You'll learn how to set up a new extension, add a custom tool via an MCP server,
create a custom command, and provide context to the model with a `GEMINI.md`
file.
## Prerequisites
Before you start, make sure you have the Gemini CLI installed and a basic
understanding of Node.js and TypeScript.
## Step 1: Create a new extension
The easiest way to start is by using one of the built-in templates. We'll use
the `mcp-server` example as our foundation.
Run the following command to create a new directory called `my-first-extension`
with the template files:
```bash
gemini extensions new my-first-extension mcp-server
```
This will create a new directory with the following structure:
```
my-first-extension/
├── example.ts
├── gemini-extension.json
├── package.json
└── tsconfig.json
```
## Step 2: Understand the extension files
Let's look at the key files in your new extension.

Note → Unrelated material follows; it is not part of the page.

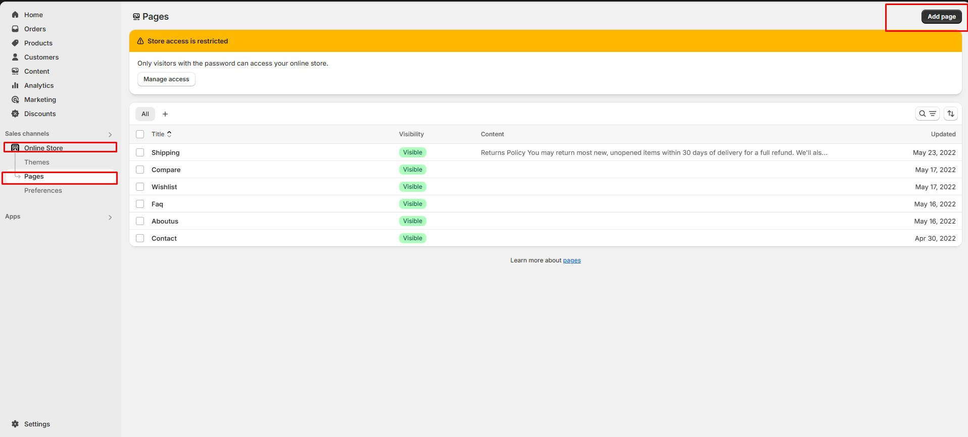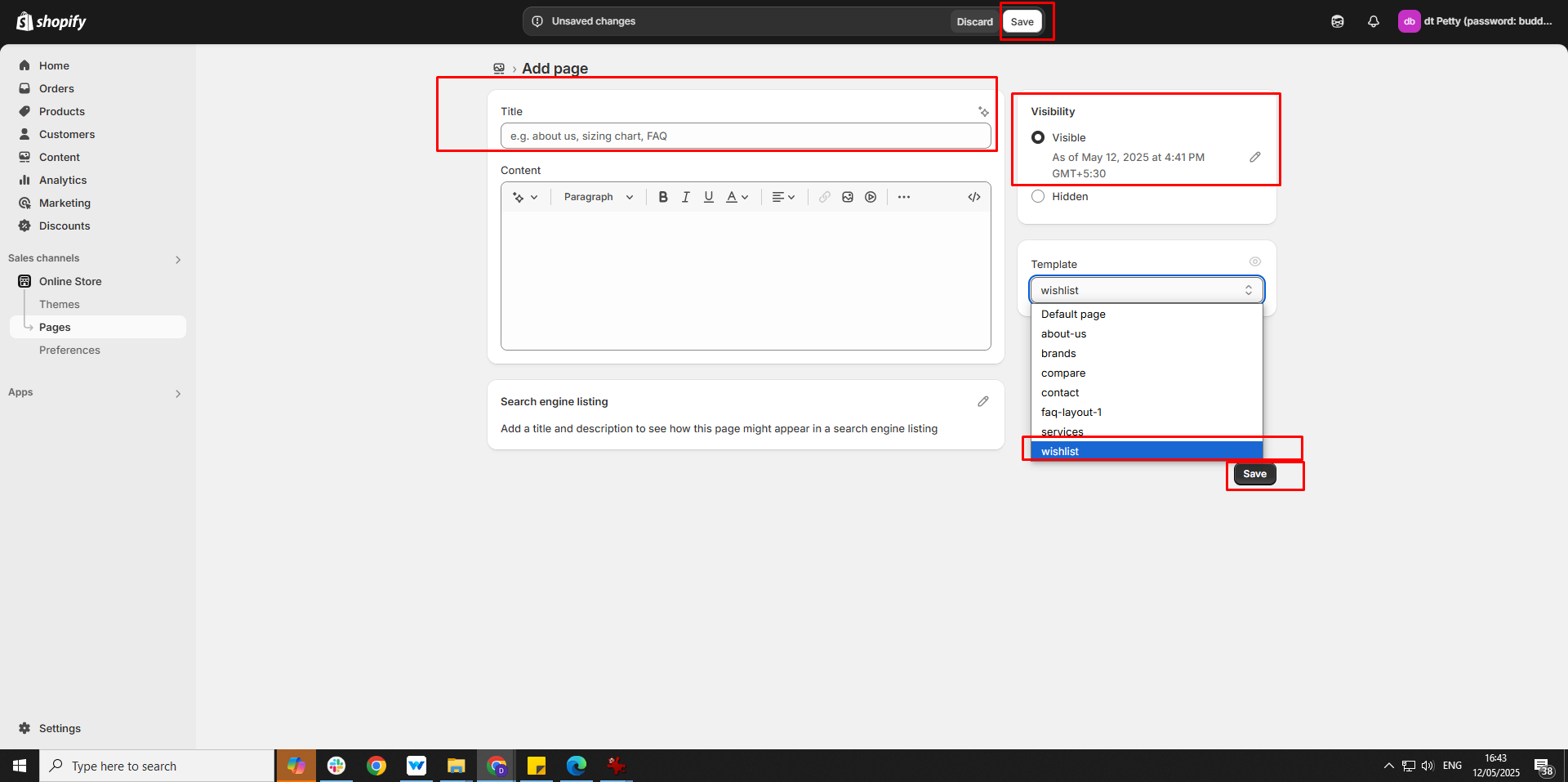 Step 4: Select Wishlist from the Theme template drop-down menu in the Online Store section.

### `gemini-extension.json`
This is the manifest file for your extension. It tells Gemini CLI how to load
and use your extension.
```json
{
"name": "my-first-extension",
"version": "1.0.0",
"mcpServers": {
"nodeServer": {
"command": "node",
"args": ["${extensionPath}${/}dist${/}example.js"],
"cwd": "${extensionPath}"
}
}
}
```
- `name`: The unique name for your extension.
- `version`: The version of your extension.
- `mcpServers`: This section defines one or more Model Context Protocol (MCP)
servers. MCP servers are how you can add new tools for the model to use.
- `command`, `args`, `cwd`: These fields specify how to start your server.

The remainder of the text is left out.